The Donut Revolution: The idea of a full return to the office is probably dead
A new world war fought against a virus could have as profound an impact on the American workplace as the last world war fought against fascism. Fueled by the Covid-19 pandemic, office workers in big cities are departing from their familiar workplaces in droves — carving out a donut hole in the central business districts of major metropolises.
The phenomenon, labeled the “Donut Effect”, was first described in a working paper for the National Bureau of Economic Research last year. Co-author economics professor Nicholas Bloom of Stanford University wrote that in the pandemic people have migrated away from dense city centers towards lower density areas on the outskirts of cities — hollowing out the city center and the rise of surrounding suburbs like the shape of a donut.
Professor Bloom asserted in the report that the top 12 cities in America have experienced net population and business outflows amounting to about 15% of pre-pandemic levels. At the same time, Bloom wrote that the surge in work-from-home employees was leading to “dramatically increased rents and home prices in the suburbs.”
While the report was released last year, it’s now taking on new life as more businesses are starting to reveal the upsides of having switched their city offices in favor of the suburbs. EMG Concepts International, a marketing agency with a Fortune 500 client roster, is among those to be reaping the benefits and cost savings of embracing the trend.
EMG, established in 2001, believed a New York City presence was necessary for credibility and to be close to big corporate clients. But to confront Covid-19 the firm built an internal app to expand into new markets without a physical corporate presence.
EMG’s evp Vanessa Barrera said these moves have been a boon to the bottom line. “Operating in the suburbs and/or remotely in select markets can easily represent a 35% savings in overhead costs,” she said.
Barrera credits lower office rents, insurance premiums, maintenance fees, and, in some cases, lower taxes as key factors. “The savings continue to drive our profits margins and allow us to run a more strategic business operation,” she explained.
Millions of Americans had put down roots in major metropolitan areas across the century-long period from the Industrial Revolution through to the post-WWII era. The industrial and technological upheavals that exploded in the U.S. produced an historic first — both population and income soared at the same time.
The growth of modern industry led to massive urbanization and the rise of new great cities, as huge numbers of people migrated from rural communities into urban areas.
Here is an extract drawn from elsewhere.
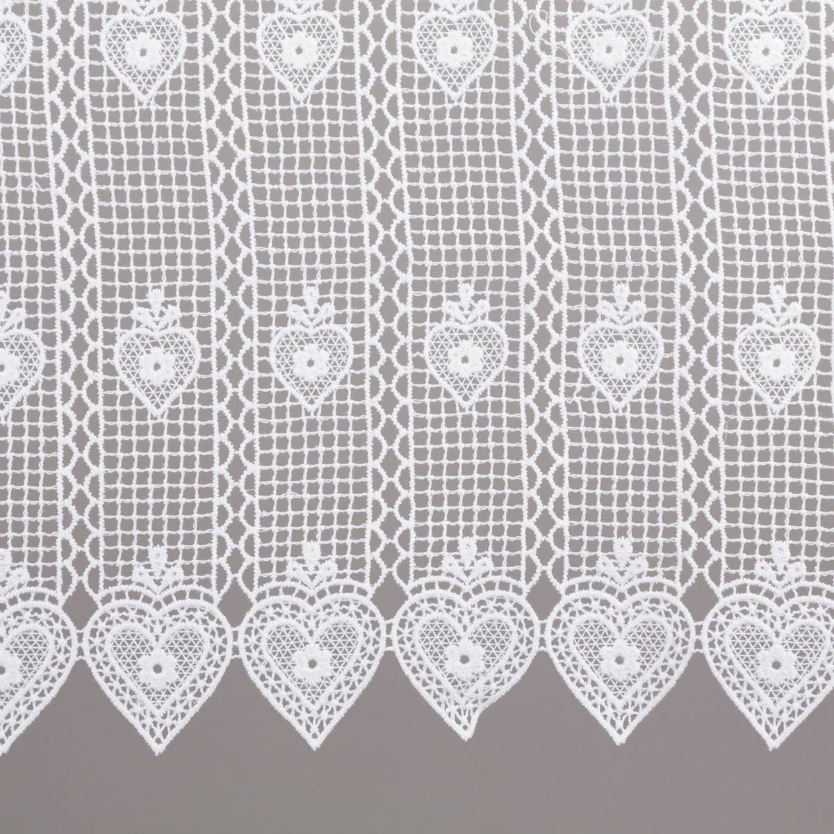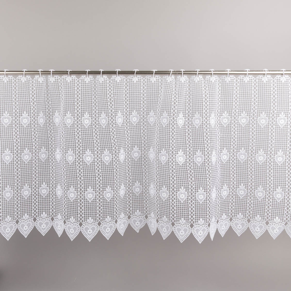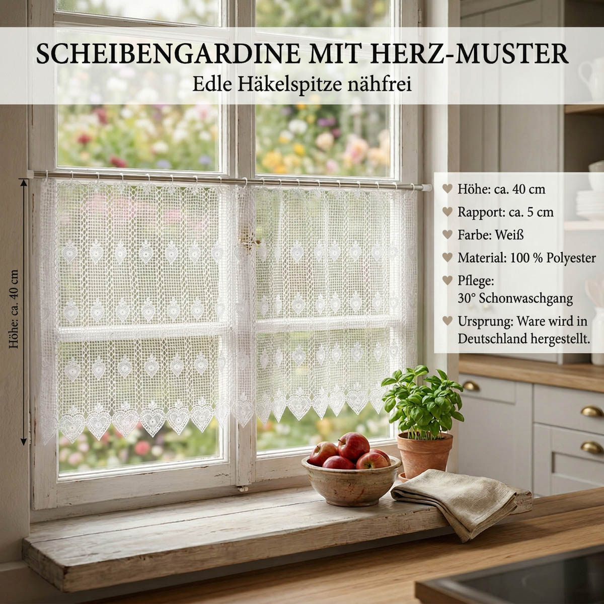 Das wiederkehrende Herzmuster verleiht der Bistrogardine eine wohnliche und traditionelle Ausstrahlung. Die Kombination aus feiner Spitzenstruktur und dekorativen Herzdetails passt hervorragend zu Einrichtungen im Landhausstil, zu romantischen Wohnideen und zu hellen, freundlichen Räumen.

At the dawn of the 19th Century only about 3% of the world’s population lived in cities. By the year 2001, that figure approached 50%, according to the Population Reference Bureau.
Now, a reversal could be in the offing experts say. Remote work is set to accelerate and become a more permanent fixture of white-collar jobs.
Employment opportunities specified as remote receive 300% more applicants than jobs that are not, according to job site ZipRecruiters’ analysis of the numbers. The company’s labor economist Julie Pollack said: “The most reluctant [employers] to face the new reality are going to experience significant pain to catch up. Many may close barn doors after the horses have bolted.”
“This is an underlying permanent shift that people are not taking seriously enough,” said Marc Cenedella, CEO of the online jobs search service Ladders. “It’s the largest change in American working and living arrangements since World War II. Since people can work from anywhere, they can live anywhere, which will have a fundamental long-term impact on everything.”
Stanford’s Professor Bloom, who has studied working from home for almost 20 years, breaks down the pandemic-influenced categories of U.S. employees into three tiers: 50% who work fully in person; 40% who work a hybrid of home and office; and 10% who are fully remote. He argues that since hybrid employees are typically in the office three days a week, longer commutes from the suburbs are more tolerable. He has long declared that: “The idea of a full return [to the office] is dead.”
If that is the case, the finances of big cities are likely to be upended. In his Donut Effect Study, Bloom also referenced additional 2021 research that showed a potential $10 billion yearly hit on New York City — which he attributed to factors like reduced consumer retail spending, fewer hotel visits and the loss of high earners living in the city.
Before the pandemic, Bloom said the 2.3 million people who commuted to work Manhattan daily, spent an average of $238 a week near their offices.
A New York City Partnership survey in November showed just 28% of Manhattan workers were back at their desks on an average workday.
Meanwhile, the National Bureau of Economic Research estimates that more than one in three jobs in the U.S. could be performed entirely at home right now.